What is left is setting up the substitution model parameters, here the kappa parameter, which need to be

  • part of the state
  • get a prior
  • have operators
  • part of the trace log
It is probably easiest to search for kappa from the start of the file, copy the relevant part for kappa and frequencies and rename the id to match that in the ids in the model elements.

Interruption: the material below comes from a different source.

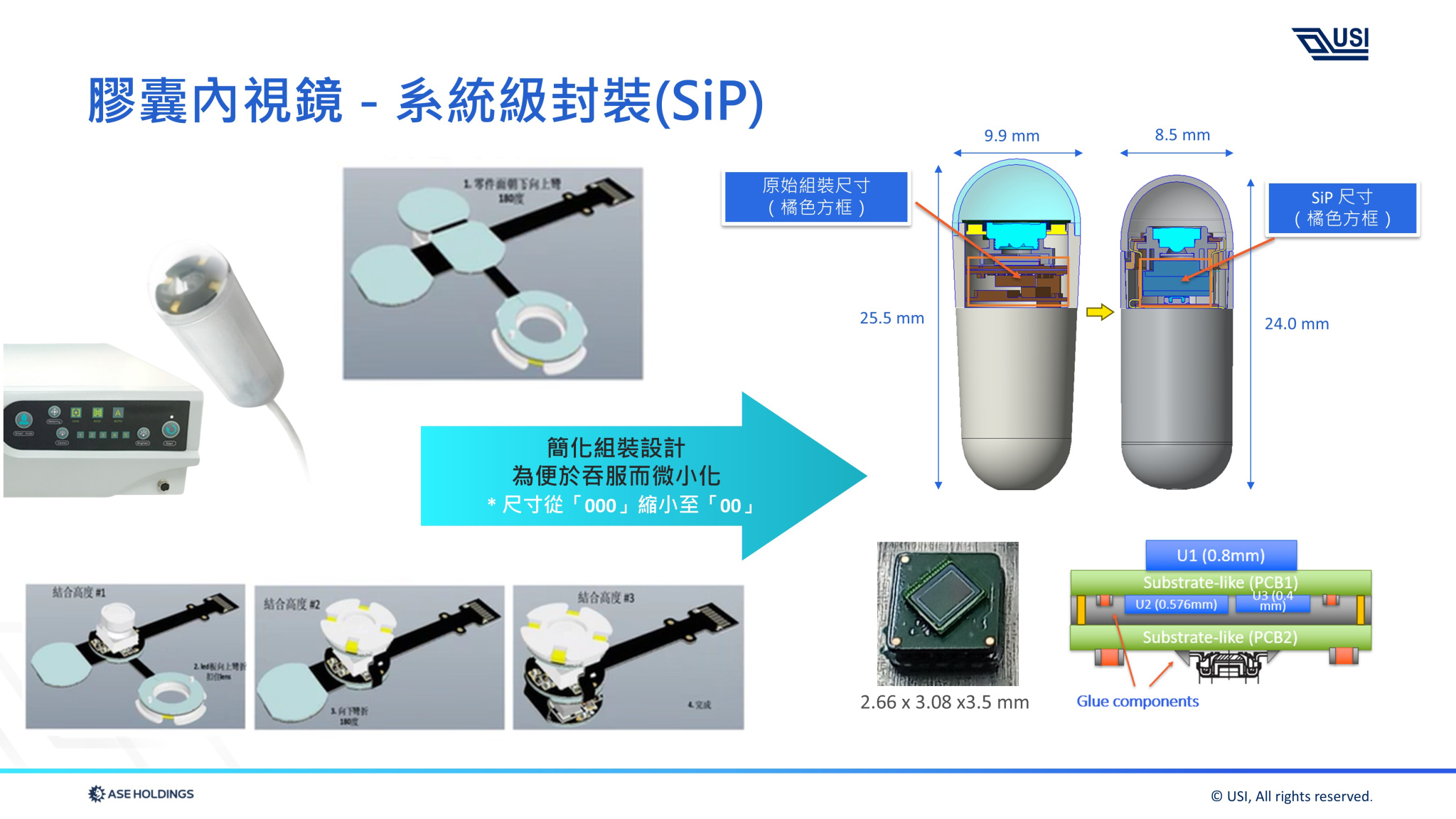 • 醫療膠囊內視鏡:以 SiP 技術整合影像處理與無線傳輸功能,達到極致小型化。

The state should contain something like this:

<parameter id="kappa.s:dna" lower="0.0" name="stateNode">2.0</parameter>
<parameter id="kappa2.s:dna" lower="0.0" name="stateNode">2.0</parameter>
<parameter id="kappa3.s:dna" lower="0.0" name="stateNode">2.0</parameter>

The prior should contain something like this:

<prior id="KappaPrior.s:dna" name="distribution" x="@kappa.s:dna">
    <LogNormal id="LogNormalDistributionModel.0" name="distr">
        <parameter id="RealParameter.1" estimate="false" name="M">1.0</parameter>
        <parameter id="RealParameter.2" estimate="false" name="S">1.25</parameter>
    </LogNormal>
</prior>
<prior id="KappaPrior2.s:dna" name="distribution" x="@kappa2.s:dna" distr="@LogNormalDistributionModel.0"/>
<prior id="KappaPrior3.s:dna" name="distribution" x="@kappa3.s:dna" distr="@LogNormalDistributionModel.0"/>

The operators should contain entries like this:

<operator id="KappaScaler.s:dna" spec="ScaleOperator" parameter="@kappa.s:dna" scaleFactor="0.5" weight="0.1"/>
<operator id="KappaScaler2.s:dna" spec="ScaleOperator" parameter="@kappa2.s:dna" scaleFactor="0.5" weight="0.1"/>
<operator id="KappaScaler3.s:dna" spec="ScaleOperator" parameter="@kappa3.s:dna" scaleFactor="0.5" weight="0.1"/>

The trace logger should contain entries like this:

<log idref="kappa.s:dna"/>
<log idref="kappa2.s:dna"/>
<log idref="kappa3.s:dna"/>

After running the XML in BEAST, you can tell see how different epochs have different substitution model processes by inspecting the trace log in Tracer.

Trouble shooting

At the start, BEAST may report a null-pointer exception like so:
java.lang.NullPointerException
	at beast.evolution.likelihood.BeagleTreeLikelihood.setUpSubstModel(Unknown Source)
	at beast.evolution.likelihood.BeagleTreeLikelihood.initialize(Unknown Source)
    ...
Epoch substitution models do not work with BEAGLE (yet), so you need to run without BEAGLE. However, if you do run with BEAGLE, the above error will appear, after which BEAST falls back to the java implementation of Felsenstein's pruning algorithm.

Reference

Ayres, Daniel L., et al. "BEAGLE: an application programming interface and high-performance computing library for statistical phylogenetics." Systematic biology 61.1 (2011): 170-173.

F. Bielejec, P. Lemey, G. Baele, A. Rambaut, and M. A. Suchard. Inferring heterogeneous evolutionary processes through time: from sequence substitution to phylogeography. Systematic Biology 63(4):493–504, 2014.